◆ **What needs to be done**
The answer should contain only the lines from the beginning of the entries through the line that holds "嘉御苑附近坐落着伊顿国际幼儿", given again exactly, with no pictures.

*** Block opens ***

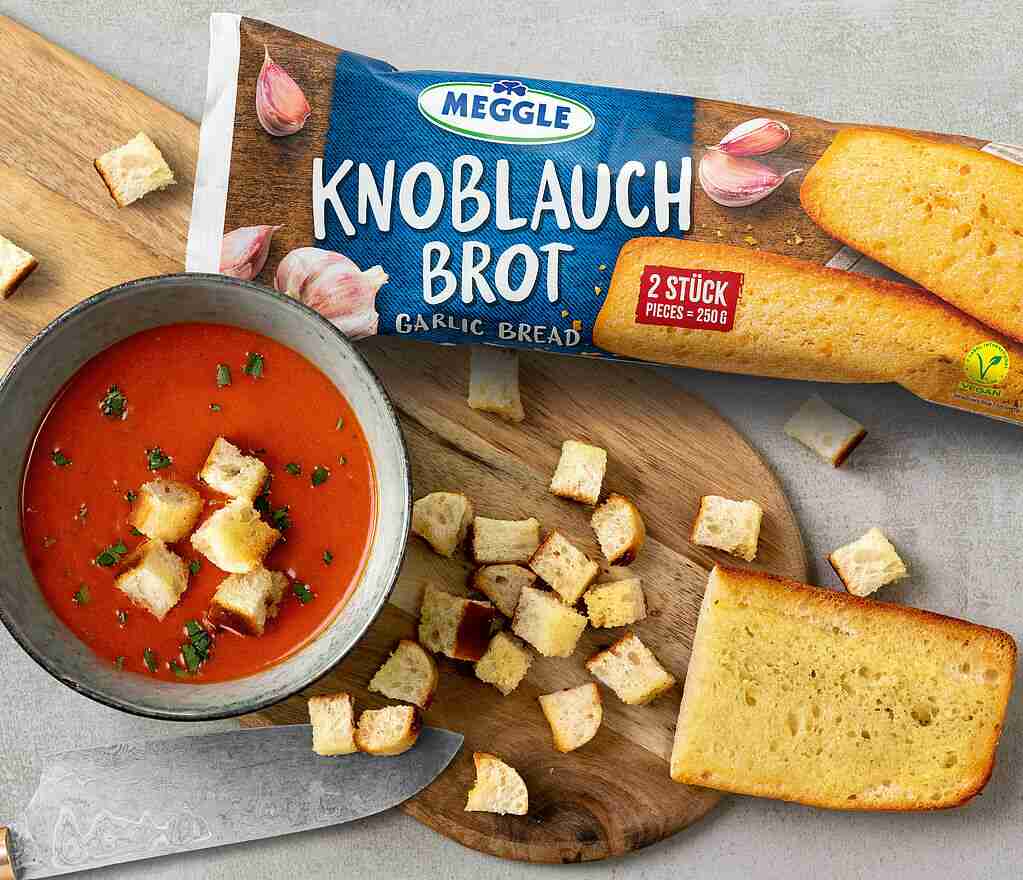 Das MEGGLE Knoblauch Brot eignet sich perfekt als Beilage zu Fleisch, Fisch und Salat, zu Gegrilltem aller Art oder als herzhafte Basis für leckere selbst belegte Snacks. Und natürlich ist es auch pur ein Genuss!
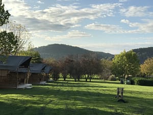 Het terrein ligt op een heuvel en grenst aan het natuurpark Pilat. Er is natuurlijke begroeiing. De staanplaatsen liggen onder eiken, in nissen en op terrassen, deels gescheiden...
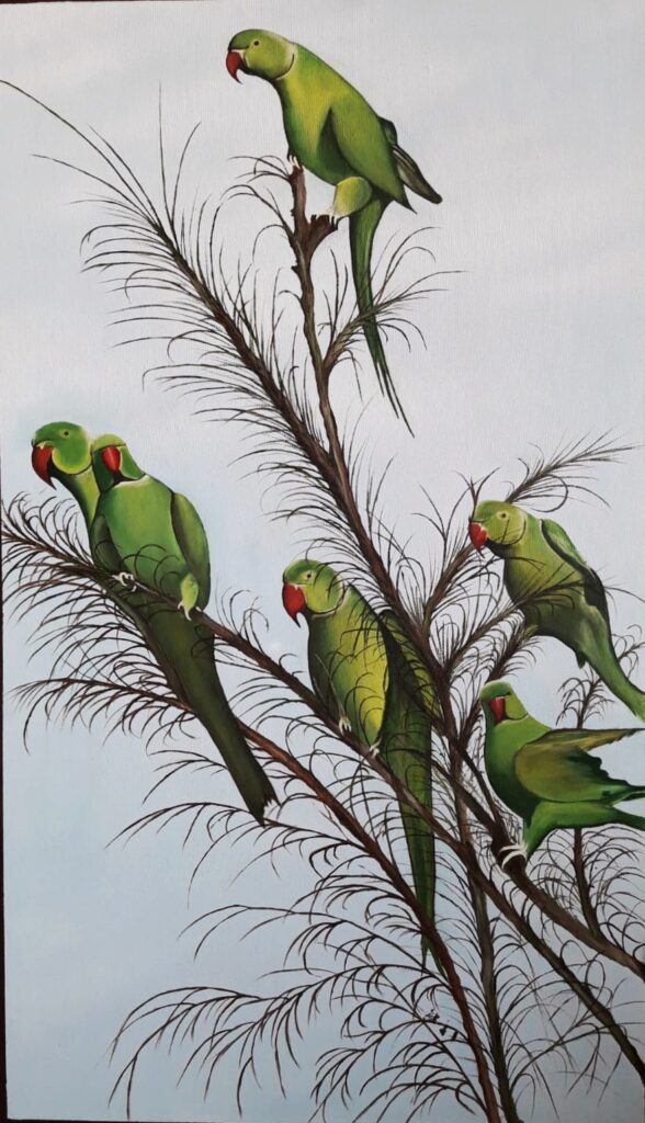 What connects the works is not style, but sensitivity. Each piece reflects a careful consideration of what birds mean within the artist’s world. Seen together, they remind us how a single theme can open into many directions when approached with honesty and care.
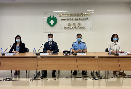 昨日新型冠狀病毒感染應變協調中心舉行例行記者會,仁伯爵綜合醫院醫務主任羅奕龍、治安警察局行動及通訊處處長馬超雄、旅遊局公共關係處處長劉鳳池、疾病預防控制中心傳染病防制暨疾病監測部協調員梁亦好共同會見傳媒。
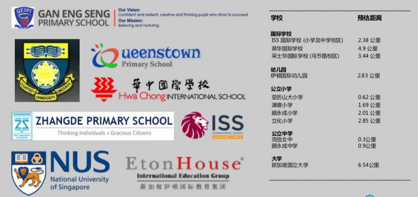 嘉御苑附近坐落着伊顿国际幼儿园、伊顿国际学校、ISS国际学校、英华国际学校、颜永成中学、克信女子中学、新加坡国立大学等众多知名学校,让孩子赢在起跑线。
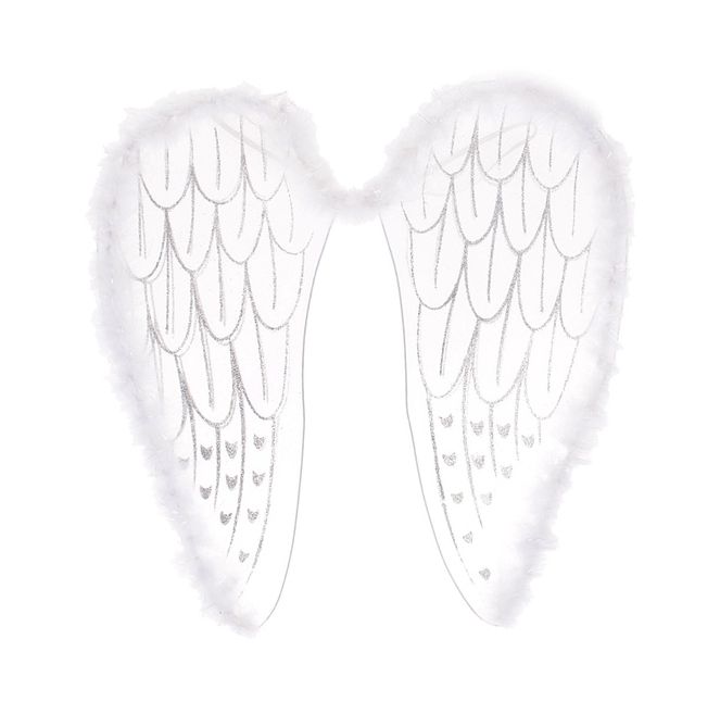 Белые крылья ангела с блестками помогут Вам создать образ светлого ангела на костюмированной вечеринке или утреннике. Крылья обильно украшены серебристыми блестками и белым пухом по краям. Размер 36 × 32 см.

*** Block closes ***

◆ **Task output**
 Das MEGGLE Knoblauch Brot eignet sich perfekt als Beilage zu Fleisch, Fisch und Salat, zu Gegrilltem aller Art oder als herzhafte Basis für leckere selbst belegte Snacks. Und natürlich ist es auch pur ein Genuss!
 Het terrein ligt op een heuvel en grenst aan het natuurpark Pilat. Er is natuurlijke begroeiing. De staanplaatsen liggen onder eiken, in nissen en op terrassen, deels gescheiden...
 What connects the works is not style, but sensitivity. Each piece reflects a careful consideration of what birds mean within the artist’s world. Seen together, they remind us how a single theme can open into many directions when approached with honesty and care.
 昨日新型冠狀病毒感染應變協調中心舉行例行記者會,仁伯爵綜合醫院醫務主任羅奕龍、治安警察局行動及通訊處處長馬超雄、旅遊局公共關係處處長劉鳳池、疾病預防控制中心傳染病防制暨疾病監測部協調員梁亦好共同會見傳媒。
 嘉御苑附近坐落着伊顿国际幼儿园、伊顿国际学校、ISS国际学校、英华国际学校、颜永成中学、克信女子中学、新加坡国立大学等众多知名学校,让孩子赢在起跑线。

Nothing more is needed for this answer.